Metadata object representing a predictor in Model Serving.

[source] api_protocol property writable #

api_protocol

API protocol enabled in the predictor (e.g., HTTP or GRPC).

[source] artifact_files_path property #

artifact_files_path

Path of the artifact files deployed by the predictor.

[source] artifact_path property #

artifact_path

Path of the model artifact deployed by the predictor. Resolves to /Projects/{project_name}/Models/{name}/{version}/Artifacts/{artifact_version}/{name}{version}.zip.

[source] artifact_version property writable #

artifact_version

Artifact version deployed by the predictor.

Deprecated

Artifact versions are deprecated in favor of deployment versions.

[source] config_file property writable #

config_file

Model server configuration file passed to the model deployment.

It can be accessed via CONFIG_FILE_PATH environment variable from a predictor or transformer script. For LLM deployments without a predictor script, this file is used to configure the vLLM engine.

[source] created_at property #

created_at

Created at date of the predictor.

[source] creator property #

creator

Creator of the predictor.

[source] description property writable #

description

Description of the predictor.

[source] environment property writable #

environment

Name of the inference environment.

[source] id property #

id

Id of the predictor.

[source] inference_logger property writable #

inference_logger

Configuration of the inference logger attached to this predictor.

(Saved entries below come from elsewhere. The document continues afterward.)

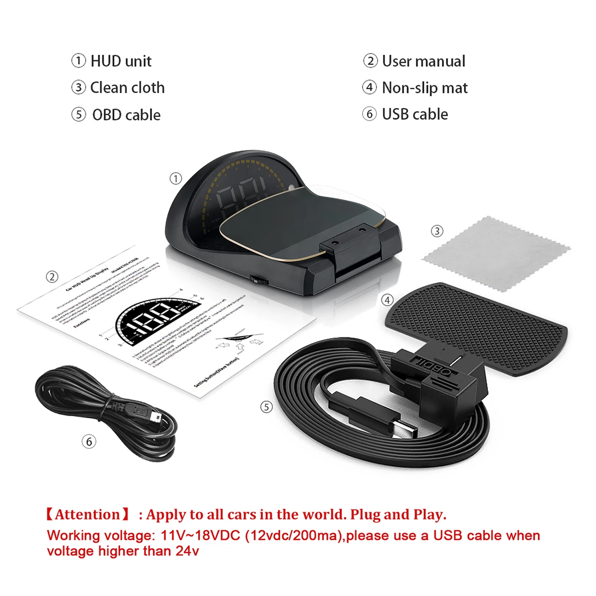 【EASY TO INSTALLATION – INTELLIGENT PARAMETER SETTING】1.Connect to the nearest OBDII/USB port ; 2. Hide the wires; 3.Turn on the right switch; Parameter can be set by oneself to change the speed unit, adjust the data error etc.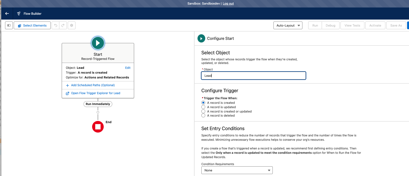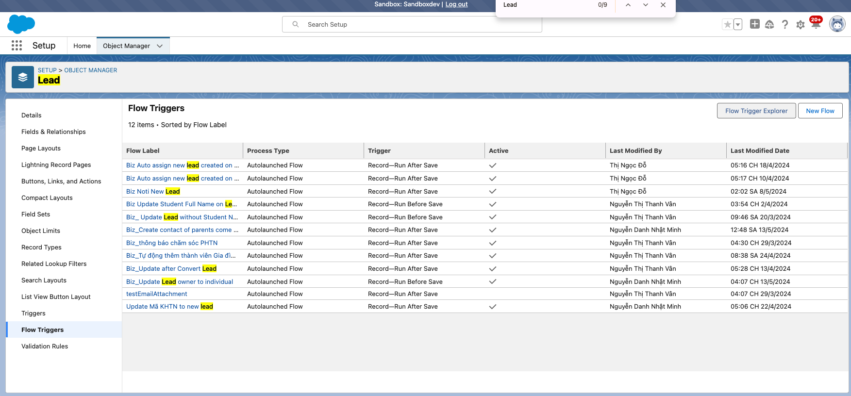 Bước 1: Vào object manager , tìm Lead, chọn flow trigger và tạo new flow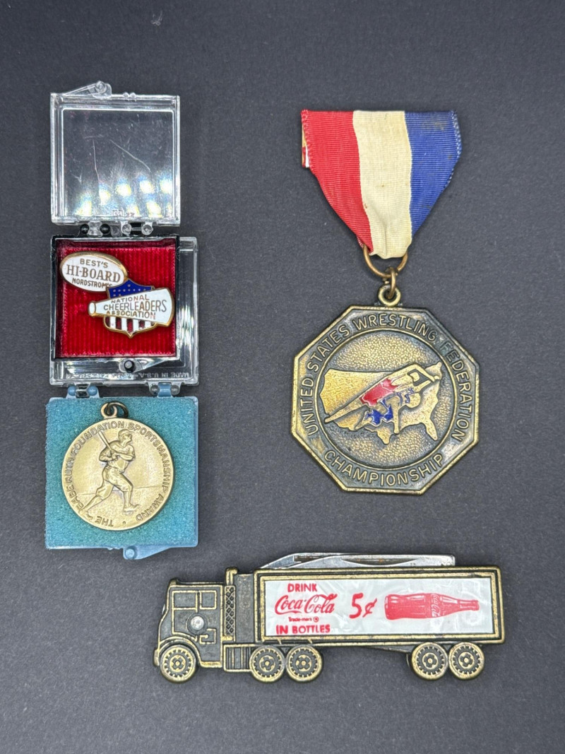 Commemorative Pins, Babe Ruth Medal & Coca Cola Pocket Knife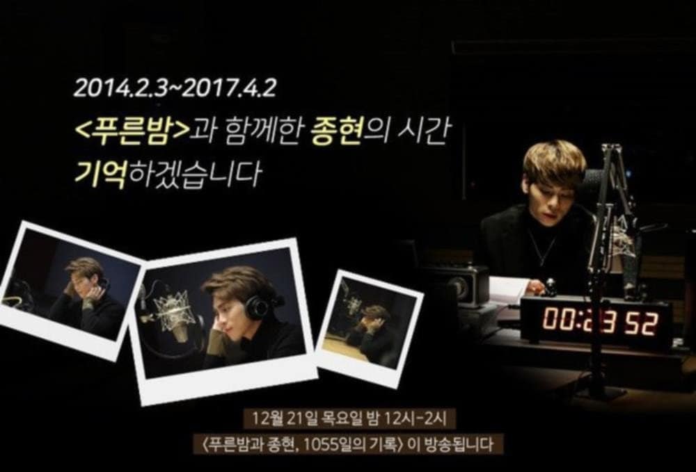 20 Aralık’ta MBC radyo, “21 Aralık Perşembe gecesi 24:00-02:00 saatleri arasında ‘Blue Night and Jonghyun, 1055 Day’s Record‘ yayınını yapacak. Jonghyun’un ‘Blue Night’ zamanını hatırlayalım. Jonghyun, 3 Şubat 2014’den geçen Nisan ayına kadar DJlik yaparak dinleyicilerini ağırlamıştı. Radyo programı yapmayı ve misafirlerini ağırlamayı sevdiğini söylüyordu ve yoğun programına rağmen, Jonghyun 3 yıl boyunca takım elbisesini giyerek ‘Blue Night’ programında ev sahipliği yaptı.” açıklamasını yaptı.

[source] model_framework property writable #

model_framework

Model framework of the model to be deployed by the predictor.

[source] model_name property writable #

model_name

Name of the model deployed by the predictor.

[source] model_path property writable #

model_path

Model path deployed by the predictor.

[source] model_server property #

model_server

Model server used by the predictor.

[source] model_version property writable #

model_version

Model version deployed by the predictor.

[source] name property writable #

name

Name of the predictor.

[source] project_name property writable #

project_name

Name of the project the deployment belongs to.

[source] project_namespace property writable #

project_namespace

Kubernetes project namespace.

[source] requested_instances property #

requested_instances

Total number of requested instances in the predictor.

[source] script_file property writable #

script_file

Script file used to load and run the model.

[source] serving_tool property writable #

serving_tool

Serving tool used to run the model server.

[source] transformer property writable #

transformer

Transformer configuration attached to the predictor.

[source] version property #

version

Version of the predictor.

[source] deploy #

deploy()

Create a deployment for this predictor and persists it in the Model Serving.

Example
import hopsworks

project = hopsworks.login()

# get Hopsworks Model Registry handle
mr = project.get_model_registry()

# retrieve the trained model you want to deploy
my_model = mr.get_model("my_model", version=1)

# get Hopsworks Model Serving handle
ms = project.get_model_serving()

my_predictor = ms.create_predictor(my_model)
my_deployment = my_predictor.deploy()

print(my_deployment.get_state())
RETURNS DESCRIPTION

Deployment. The deployment metadata object of a new or existing deployment.

[source] describe #

describe()

Print a JSON description of the predictor.